“Ang sapa basta saba, mabaw”

“Ang sapa basta hilom, lawom.”

 

In the Bisaya expression, the former is the notion we sought to say for ‘nailed promises’ of a politician, to quote those infamous ‘keyboard warriors’ we irk in social media, or to those ‘all talk and no bite’ foe we often encounter in life.

 

While the latter tells the other side of the coin; a man of few words to say the least, or maybe that one quiet friend in your circle — who knows who? Perhaps, this metaphor also reflects our present circumstances, resonating in the near-at-hand we often confront within ourselves. In line is a forewarning of complexities beyond what we think of

 

Like sapa or ‘river’, family dysfunction manifests in both visible and concealed ways; some are messed up that everyone can see the rippling current across the surface, while others are better at hiding it, and unless you’re in the same stream, there’s still riptides that you can’t see.

 

Sadly, it goes on from one generation to another: grappling with toxic parents and ‘enabler’ relatives while enforcing their demarcated idea of success in what nots that gratify our value to them. They throw rock-hard expectations but it will ruffle their feathers when you begin to rebel from them. Since then, we have been the children who are forced to create our own wealth as we have nowhere to inherit it. Or we have been scions for their deferred dreams. 

 

Yet from time to time, people with these parental figures; they grow to the idea that love and manipulation are coexisting, and that love is the need to understand and solely accept this even if it is inflicting our pain and misery. It is as if we are chained into thinking that we are under obligation to fill up potholes of their life by working to satisfy their expectations without even asking ourselves– was their pursuit really aligned with my genuine desires? Whose life am I really living? And oftentimes, this generational ill causes post-traumatic response, and some are sadly– left unhealed. 

 

But, one thing I learned from our generation, we may be branded as “balat sibuyas”, “entitled”, and “OA”; we learned to recognize and acknowledge trauma, and we are slowly healing ourselves through our own ways. 

 

I have so much hope that we will gradually teach ourselves to be braver so when in difficult conversations, we can learn not to suppress our emotions and realize what harm might their actions bring—even if they are your family. And, one day, we will fully understand that even if they are family, their abusive patterns should not be excused.
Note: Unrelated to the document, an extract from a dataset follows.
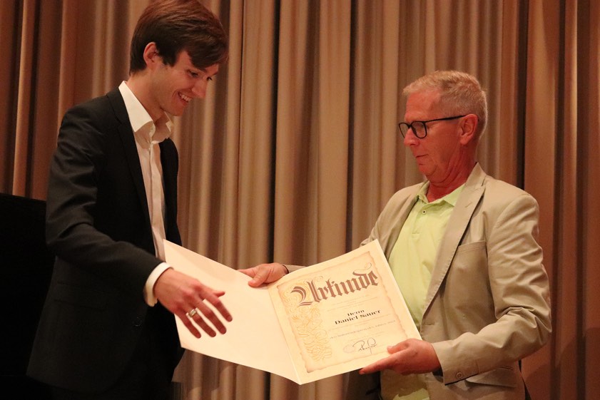 Kultur-Referent Haiplik würdigte Daniel Sauer und dessen bisherigen Werdegang ausführlich in seiner Laudatio: "In vier Wochen wird er erst 23 Jahre alt und hat doch schon eine musikalische Karriere hinter sich, die uns in Staunen versetzt. Sagte er bereits in frühen Kindertagen, ich mach' Bühne, so singt er heute als Bariton in renommierten Chören und auf großen Bühnen." Nicht nur Fleiß, Disziplin und Arbeitseifer zeichnen Daniel Sauer laut Haiplik aus, "sondern auch außerordentliche Begabung, überragendes Talent und eine Sensibilität, ohne die wahres Künstlertum nicht auskommt".
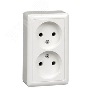 ХИТ Розетка двойная наружная белая без заземления изолирующая пластина 16А 250В

For a long time, the “family” card has been bruisedly used to get away with anything, but I hope that in this generation this card finally declines. 

 

Be healed so that it won’t even matter if they will or they will not seek your forgiveness—maybe that’s the best kind of potion we can spill for us, and for the coming generations. This chain of generational trauma ends with us. To unsubscribe from their notions. To set free. For you. You owe it to yourself.

 

Needless to say, may we embrace lessons and gradually learn self-love, offering a potion for personal growth even in our life’s complexities. I too, had so longed for these people and for the times when their child wouldn’t carry such heavy baggage from the places they’ll consider as ‘home’.